The Accident Investigation Board Norway report into the Atlantic Airways crash can be found here:
The following summary of the crash was taken from the AIBN report:
During normal approach and landing at Stord Airport Sørstokken OY-CRG ran off the runway and plunged down a steep slope. The aircraft sustained considerable damage and caught fire immediately. The fire spread so fast that there was not enough time for everybody to evacuate the aircraft. Four people died and six were seriously injured.

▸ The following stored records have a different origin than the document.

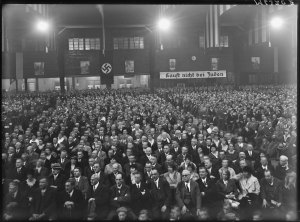 A Nazi party political rally. The sign in back reads: “Kauft nicht bei Juden”–“Don’t buy from Jews.” Photo courtesy National Archives and Records Administration.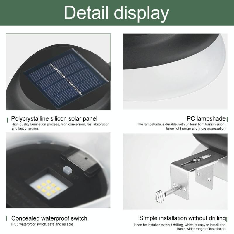 Punch-free ιπτάμενος δίσκος ηλιακός λαμπτήρας υπαίθρια κήπου διακόσμηση τοίχου λαμπτήρας (μαύρο κέλυφος ζεστό φως)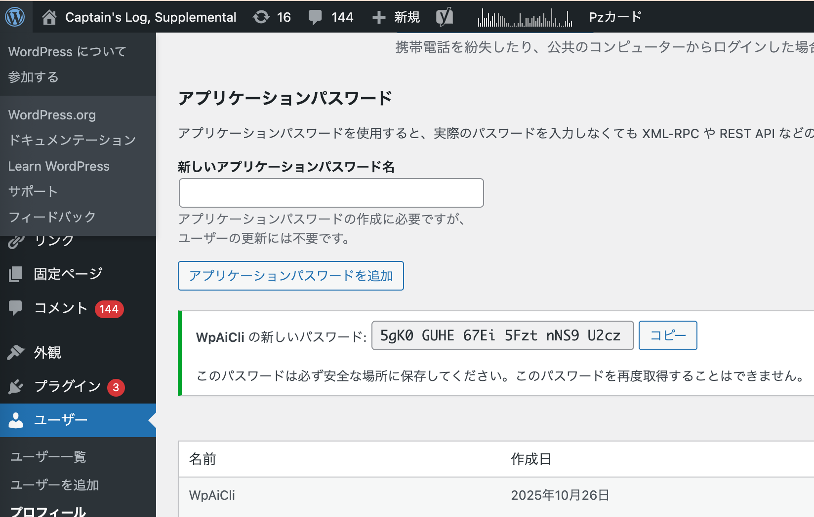 WpAiCliなど分かりやすい名前を入力し、「新しいアプリケーションパスワードを追加」をクリックします。 - 生成されたパスワード(例: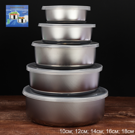 Салатники с крышкой 5 предметов Нерж/16-308/ф/ГТ
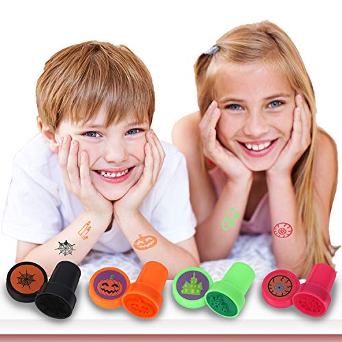 - El surtido de sellos de Halloween para niños incluye 50 piezas de sellos con 25 diseños diferentes (cada diseño tiene dos colores diferentes). Cada tamaño Aprox.:1.5 "*1". Tetas engomadas del tatuaje de Halloween tamaño: 10.5 * 6 cm.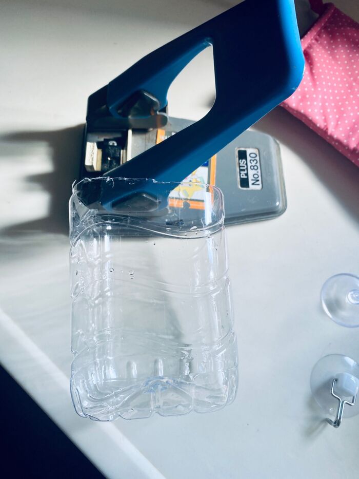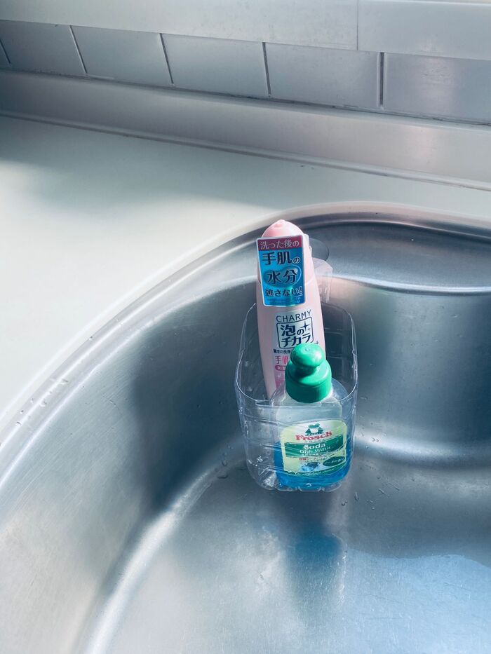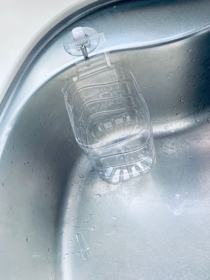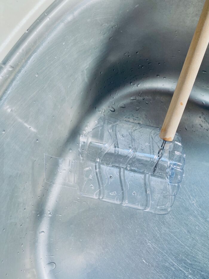 2Lのペットボトルをシンクの使いやすい大きさに、ハサミなどでカットします。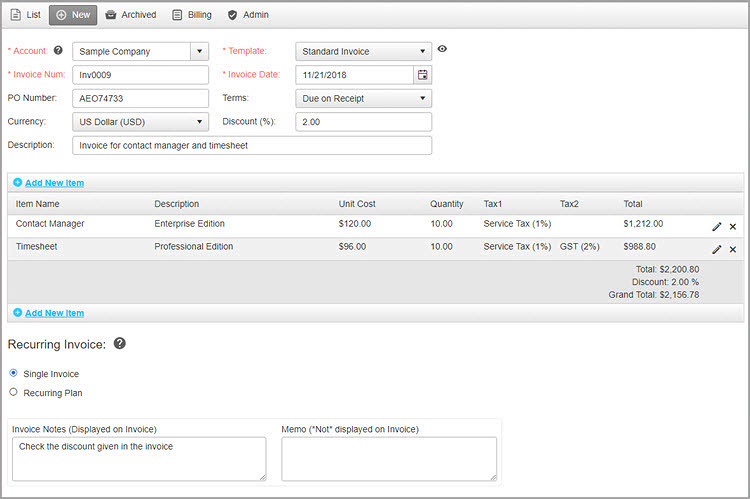 An Invoice is a written agreement between the buyer and seller which specifies the details of the goods or services purchased. It usually consists of the Invoice number, PO number, item name, description, quantity, cost, etc. OfficeClip contact management software helps you to create and send invoices easily to your customer.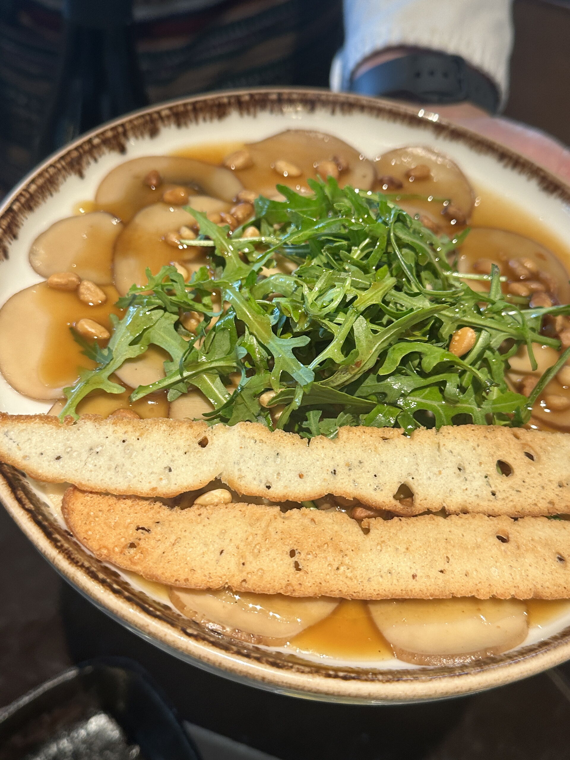 De esos entrantes también te recomiendo el carpaccio de setas Portobello infusionado en AOVE y trufas (14,90 €) coronado con piñones, un plato con sabor y lleno de matices para seguir disfrutando de la carta de vinos que también destaca en esta casa. Eso sí, si eres de los clásicos, prueba su jamón ibérico de bellota 100% Joselito corte fino o la cecina de Wagyu ligeramente ahumada y curada 48 meses. Todo regado por un muy buen vino tinto Paraje de los Vidrios, elaborado por el enólogo Manuel Manzaneque Suárez para la bodega homónima con variedad 100 % Garnacha tinta bajo la DO Vinos de Madrid.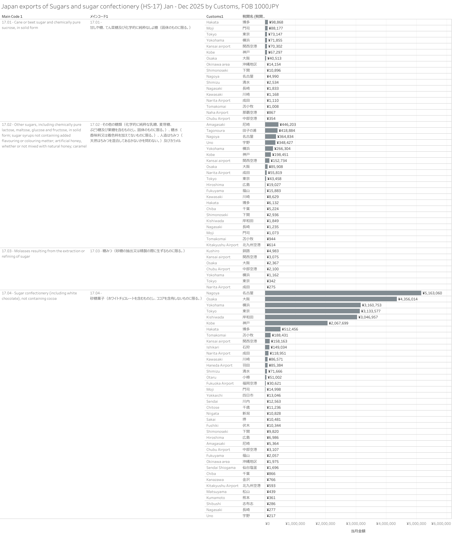 Japan Exports of Sugars and sugar confectionery. (HS-17) Jan-Dec 2025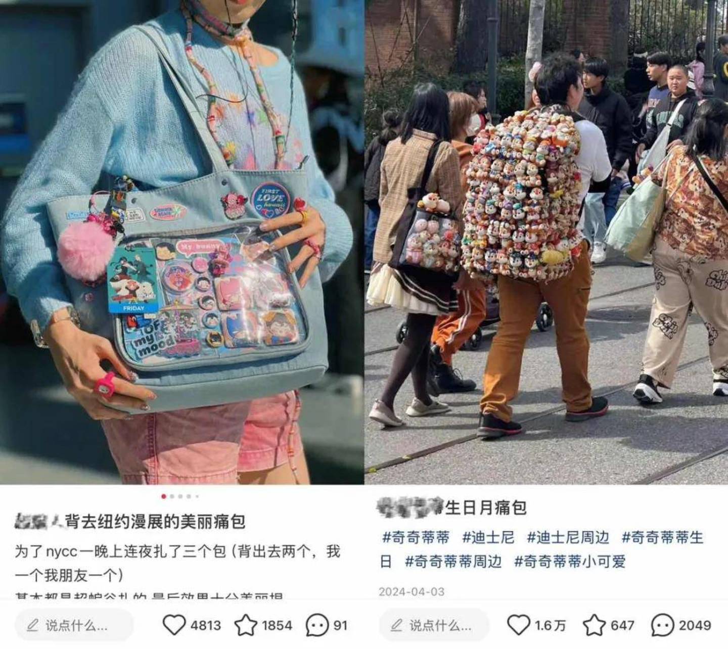 不仅湖滨88,上海迪士尼乐园也是痛包的又一根据地,一大批年轻人将迪士尼各个IP的公仔“扎”在痛层,在与玩偶互动时展示自己的“战利品”。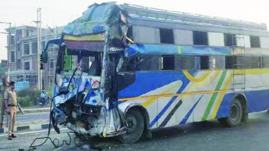 खड़े टैंकर से टकरायी डबल डेकर बस, 40 मजदूर घायल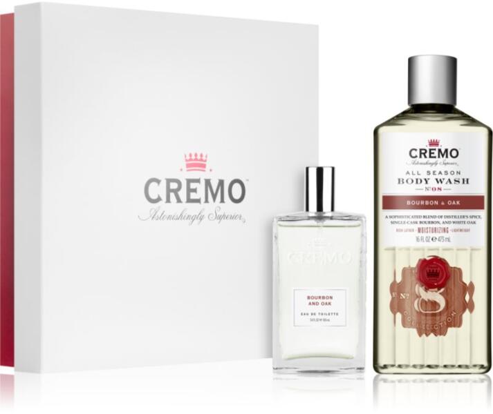 Cremo Set Bourbon and Oak, 1 , Férfi-testápolási szettek férfiaknak, Szerezzen örömöt a férfi testápoló készítményekkel teli CremoSetBourbon and Oak kozmetikai készlettel. Minden külsejére adó modern férfi örül neki. Tulajdonságok: minden férfinak örömöt szerez speciálisan a férfi bőr szükségleteire kifejlesztett készítmények melengető illat, ideális hideg időben fás illat aktív életet élő, mindig energikus férfiaknak mindennapos viseletre alkalmas illat A szett tartalma:fürdőgél férfiaknak 473 mlEau de Toilette 100 ml

In its investigation of the accident, the AIBN found that several factors contributed to the accident. The accident was initiated when none of the aircraft’s six lift spoilers were deployed after landing. The AIBN believes it has found two possible technical reasons for this. The wings continued to produce lift, so that the weight of the aircraft was not sufficiently transferred to the landing wheels. Hence, the main wheels did not get sufficient contact with the runway and the braking effect was reduced. The pilots perceived this as wheel brake failure and the emergency brakes were engaged. The emergency brakes do not have anti-skid protection, and the wheels locked. In combination with the damp runway this led to ‘reverted rubber hydroplaning’ (the rubber in the tyres started boiling), and the aircraft was unable to stop on the runway.
The AIBN believes that the lift spoilers’ failure to deploy in isolation would not have caused the aircraft running off the end of the runway. The aircraft could have stopped within the available runway length if optimum braking had been utilised. The AIBN therefore considers that the excursion could have been prevented by a better system understanding related to failures of the lift spoilers and the effect that it has on the aircrafts’ stopping distance. The AIBN also believes that grooves in the runway surface could have improved the braking action in this case.
The accident has shown that the safety margins at Stord Airport were insufficient. The paved safety area did not extend far enough past the end of the runway in accordance with the requirements of Norwegian BSL E 3-2 and ended in a slope that was steeper than prescribed. These deficiencies were major contributors to the severity of the accident. The topography caused the aircraft to catch fire. Moreover, the steep terrain was an obstruction to the fire-fighting and rescue work.
The AIBN sees this accident as the accumulated effect of three factors – the aircraft design, the airport and operational factors, which, seen as a whole, may have been unacceptable at the time of the accident.